In consequence of all this he arrayed himself in a light tweed suit, a clean, boiled shirt and collar, a tie, that might well have startled the natives of his home city, and a panama hat which he felt was necessary to improve the tropical appearance of his burnt and perspiring features, and hastened to Helen’s presence for comfort and support.
The girl had been waiting for him. She looked the picture of diaphanous coolness in the shade of the house, lounging in an old wicker chair, with its fellow, empty, drawn up beside her. There were no feminine eyes to witness her little schemes, and Bill?—why, Bill was delighted beyond words that she was there, also the empty chair, also, that, as he believed, while she was wholly unconscious of the fact, the girl’s attitude and costume were the most innocently pleasing things he had ever beheld with his two big, blue, appreciative eyes.
He promptly told her so.
“Say, Hel,” he cried, “you don’t mind me calling you ‘Hel,’ do you?—you see, everything delightful seems to be associated with ‘Hell’ nowadays. If you could see yourself and the dandy picture you make you’d kind of understand how I feel just about now.”

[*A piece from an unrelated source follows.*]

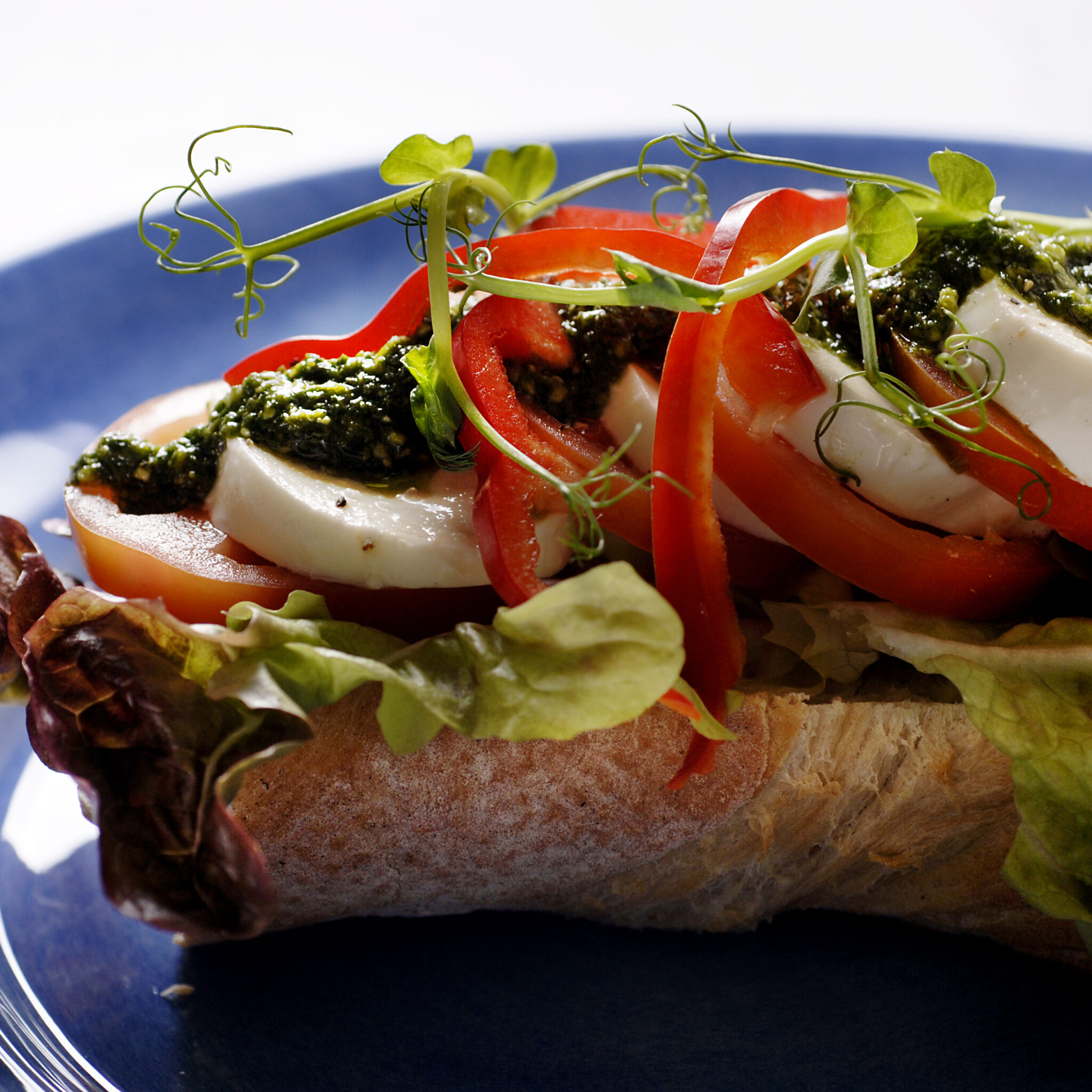 Färsbiffar med ajvar och tomat- och mozzarellasallad
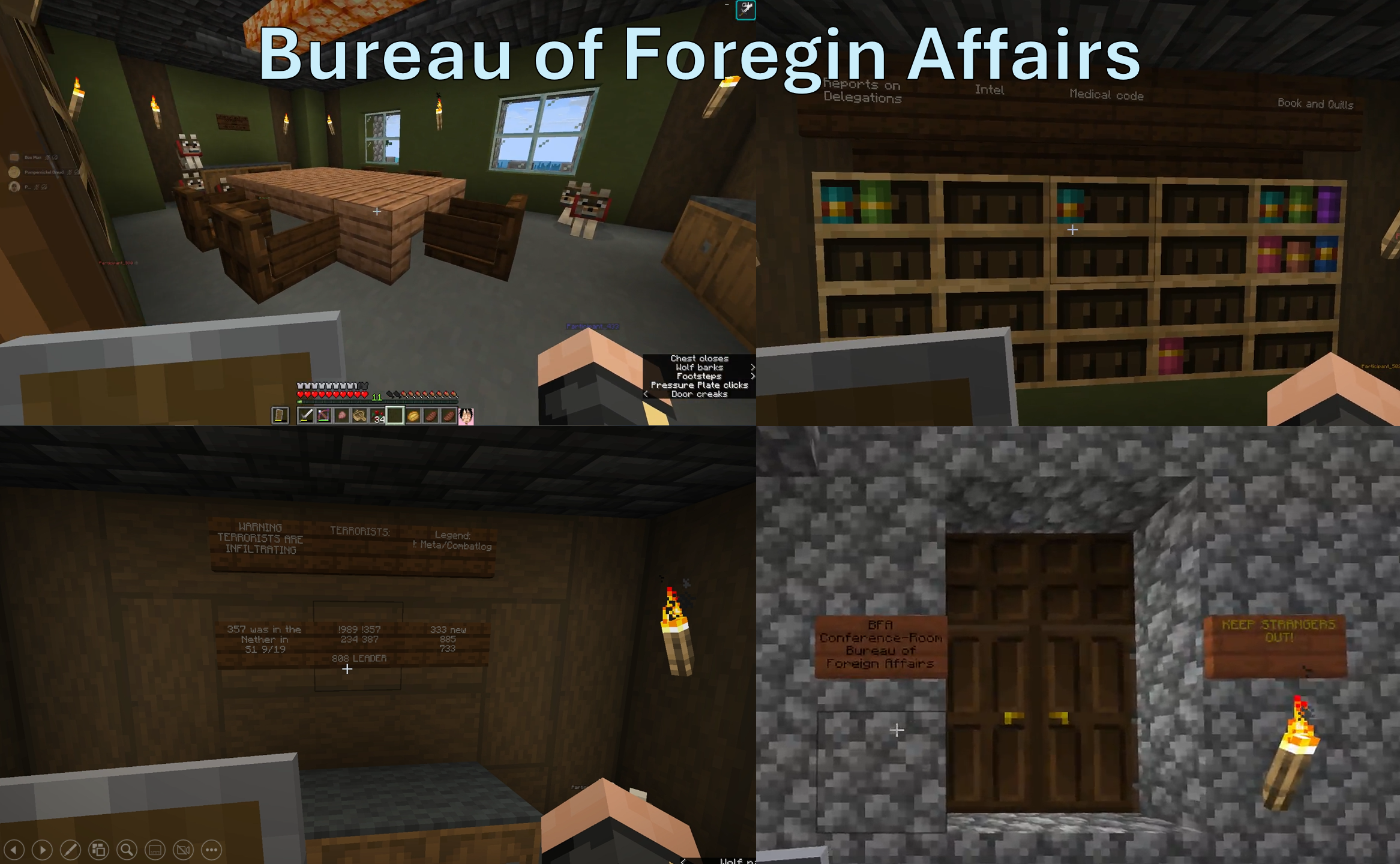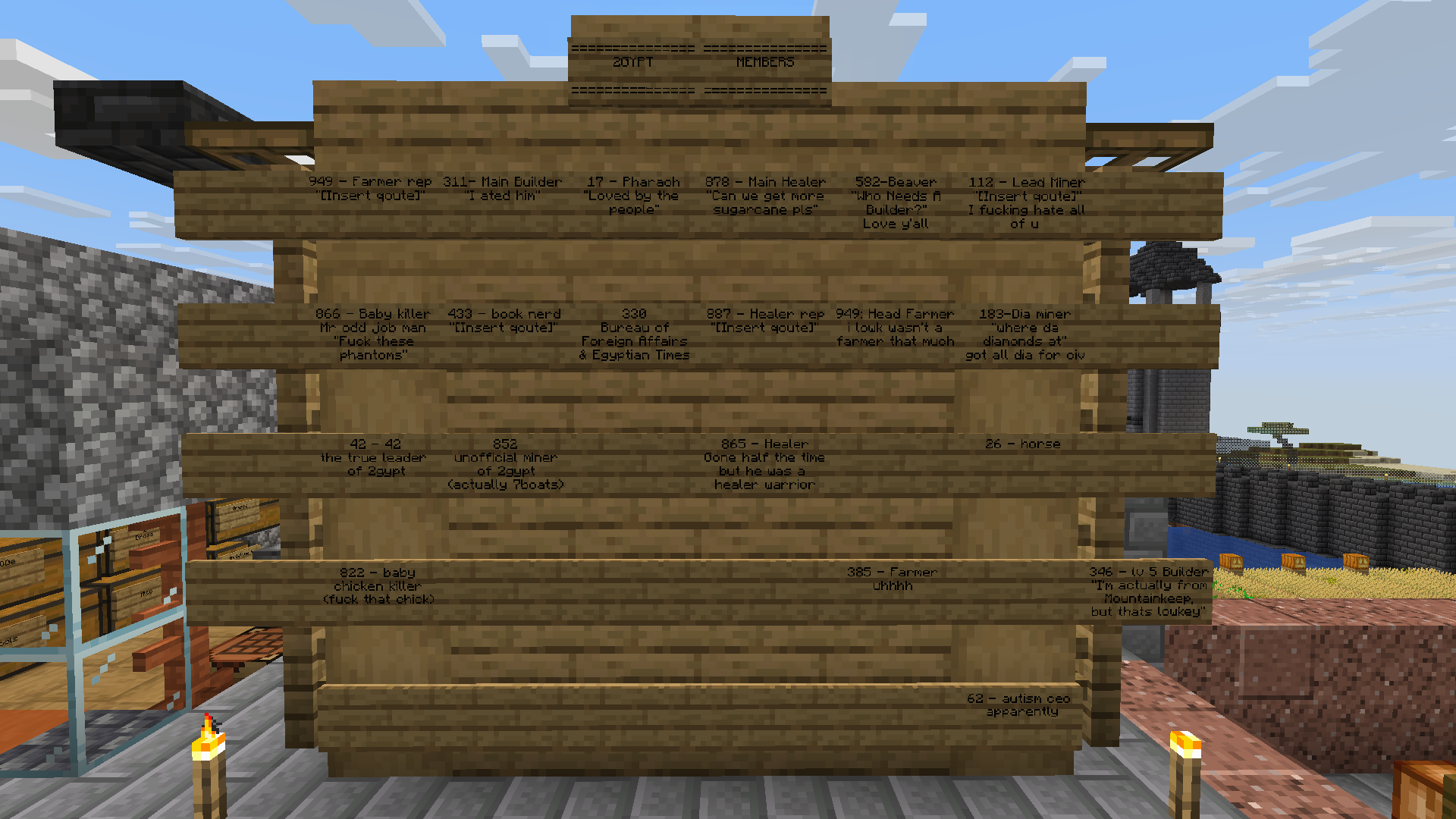 The World Tour and Late-Game Diplomacy: In the final sessions, with no major threats remaining, Twogypt hosted "The Great World Tour," (or its alternative name "The Rapture Tour") a peaceful expedition where they visited nearly every known civilization, documenting their findings on the wiki. After every base tour, Player 183 donated vast amounts of minerals to each civilization, most notably 4 out of the 6 diamond blocks Twogypt had in their reserves. This act showed the world the deep kindness of the people of Twogypt. Player vael7176 documented this tour, showcasing their builds and interactions.

The girl smiled her delight.
“Maybe I do understand,” she said. “You see, I don’t always sit around in this sort of fancy frock. Then, no girl of sense musses herself into an awkward pose when six foot odd of manhood’s getting around her way. No, no Big Brother Bill. That chair didn’t get there by itself. Two carefully manicured hands put it there, after their owner had satisfied herself that her mirror hadn’t made a mistake, and that she was looking quite her most attractive. You see, you’d promised to come to see me this evening, and—well, I’m woman enough to be very pleased. That’s all.”
Bill’s sun-scorched face deepened its ruddy hue with youthful delight.
“Say, you did all this for—for me?”
Helen laughed.
“Why, yes, and told you the various details to be appreciated, because I was scared to death you wouldn’t get them right.”